# Need a mans perspective!!! PLEASE



## ConfusedinTN2009 (Apr 23, 2009)

OK, a few months ago I found out that my husband of 8 years had been talking and texting an OLD friend that he re-sonnected with on Facebook. They talked or text each other every day for almost 2 months. I was isolating myself at the time (without meaning to) and my hubby said that he needed a womans perspective on OUR problems in OUR marriage. 

He said they were JUST friends. Since then he has cut all communication with her (that I know of). He DID tell me that he felt as though she were becoming emotionally attached to him. 

We have been going to marriage counseling since I found out - It is going great...

My problem is that my hubby still says he did nothing wrong. I have a VERY hard time believeing that. Either way, our marriage has never been stronger since we started counseling.

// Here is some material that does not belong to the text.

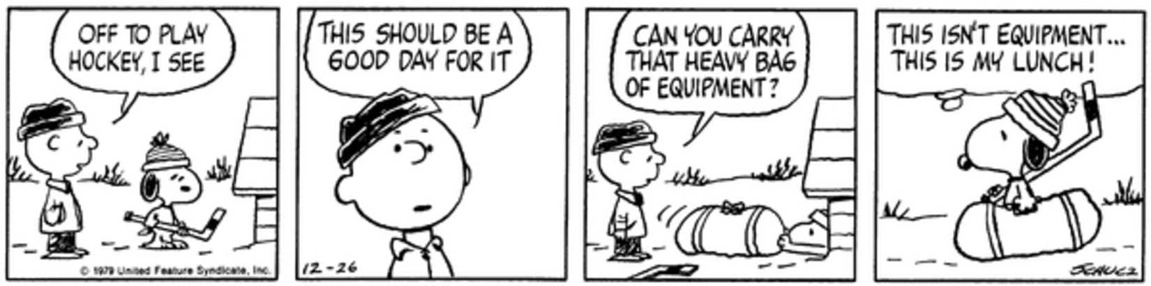 Snoopy es un perro pequeño con mucho apetito. Vive para comer, no come para vivir, y saborea todas sus comidas y bebidas favoritas, como cerveza de raíz, galletas con chispas de chocolate y pizza. Su amor por la comida hace una aparición inesperada en una tira cómica centrada en el hockey. Con Snoopy todo vestido y listo para jugar hockey, trae consigo una bolsa de aspecto pesado. Para sorpresa de Charlie Brown, La bolsa de Snoopy no está llena de equipo de hockey. – eso sería demasiado lógico para Snoopy – pero con el gigantesco almuerzo de Snoopy.

My question is: I still wonder every day if he is chatting or e-mailing her from work....I know there is NO way to find this out but it drives me crazy

What do you guys think?


----------



## Amplexor (Feb 13, 2008)

It is possible that it was an emotional affair, maybe not. Did he initiate ending the contact or did you discover it? If he ended it on his own I would tend to believe him that he felt she was getting attached to him and he was avoiding a dangerous situation. Kudos to him for that. Do you trust in your husband? Has he lied to you before? 

In his mind, he has done nothing wrong, it was just a friendship. My wife said the same thing when I discovered her EA. It was not until contact ended that she realized that her feelings for him were much more than friendship. But she never admitted she had done anything wrong.

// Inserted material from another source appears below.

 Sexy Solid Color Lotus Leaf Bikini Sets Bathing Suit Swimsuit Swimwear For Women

Are you discussing your concerns with your counselor? Good for you guys in addressing the issues. Good luck


----------



## ConfusedinTN2009 (Apr 23, 2009)

Amp, thanks for responding. I discovered it BUT he was not trying to hide it for very long. The cell phone account is in my name so he KNEW I would find out. As far as ending it, it was kinda a mutual thing between him and I. Our counselor and myself both told him he had to end all comunication with her for our marriage to work and he said he had already blocked her from Yahoo messenger, took her off of his Facebook and blocked her e-mails. He said that I was #1 and his marriage means the world to him. My husband is brutally honest (doesn't spare anyones feelings)....I don't know anymore!!!

My husband has NEVER lied to me in 8 years. I think this is why this has been so difficult for me. He denies betraying or deceiving me. He stands by "I did nothing wrong" thing. On one hand I trust him with my life but on the other I doubt him too. 

Yes, our counselor knows everything. She has been a God send for us! 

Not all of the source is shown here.